Steve McQueen's Star-Studded 'Twelve Years A Slave' Adds Michael K. Williams [UPDATED]
I'm starting to suspect Steve McQueen watches the same TV we do. The British director of Hunger and Shame has already cast Sherlock's Benedict Cumberbatch, Saturday Night Live's Taran Killam, and Raising Hope's Garret Dillahunt in his upcoming Twelve Years a Slave, and he's now added another small-screen favorite. Michael K. Williams, a.k.a. Omar Little on The Wire, has just boarded the cast, which also includes Chiwetel Ejiofor, Michael Fassbender, and Brad Pitt. More details after the jump.
UPDATE: A few hours after this post went up, it was announced that Beasts of the Southern Wild star Dwight Henry had also joined Twelve Years a Slave.
Williams' showbiz career stretches back to the mid-'90s, but it was 2002's The Wire that really launched him to the next level. Since then, he's alternated between movies (Gone Baby Gone, The Road, Life During Wartime) and television (Alias, Boardwalk Empire, Community). Late last year, he got close to booking a part in Quentin Tarantino's Django Unchained, but ultimately wasn't able to make it fit. Still, he seems to be moving on up just fine without it. Among his recently landed gigs is Dirty White Boy, a biopic of Wu-Tang Clan founder Ol' Dirty Bastard, in which Williams will ply the lead.
With production on Twelve Years a Slave already underway, Williams is likely one of the last pieces to fall into place. No release date has been set, but look for the project to hit sometime next year.
In 1841, while working in Saratoga Springs, New York, Solomon met two white men named Merrill Brown and Abram Hamilton. The men overheard Solomon playing his violin and approached him claiming to work for a traveling circus. They proceeded to offer Northup a job providing musical entertainment for the circus at the rate of $1 a day and $3 for each performance. The two men informed him that they would need to travel to Washington D.C., where the circus currently was located but that they would then be traveling back north. Believing he would only be away from home for a short period of time, Solomon did not notify his family that he was leaving. Little did he know that this trip would mark the beginning of the twelve longest years of his life.
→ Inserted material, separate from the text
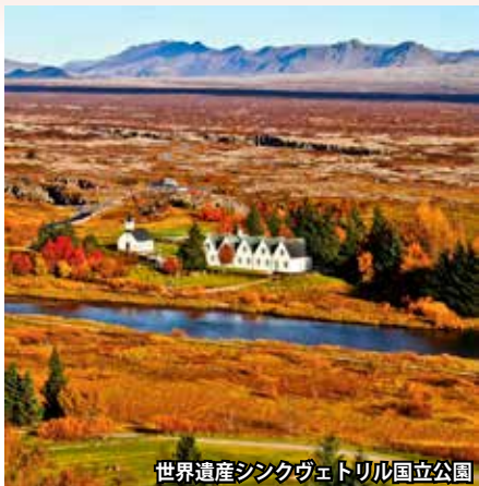
世界遺産シングヴェトリル国立公園
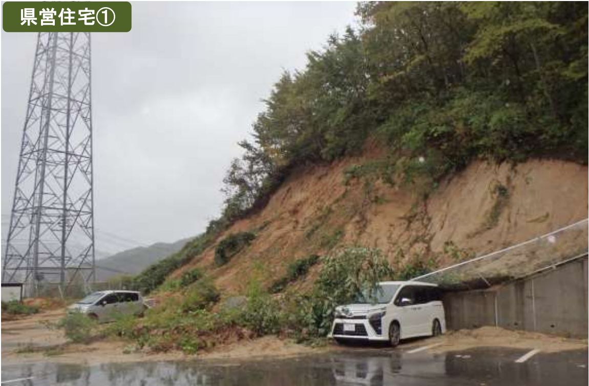
県営織笠アパート（災害公営住宅） 山田町

Even though Solomon was a free black man, Washington D.C. in 1841 was a place where slavery was legal. Free blacks traveling through areas where slavery was legal needed to furnish papers certifying their free status or face the possibility of being accused of being a runaway slave. Thus, before Solomon and his new companions left the state to begin their trip to Washington D.C., he secured papers declaring his status as a free black citizen of New York. Unfortunately, these papers would not be able to protect Solomon once he reached the nation's capital.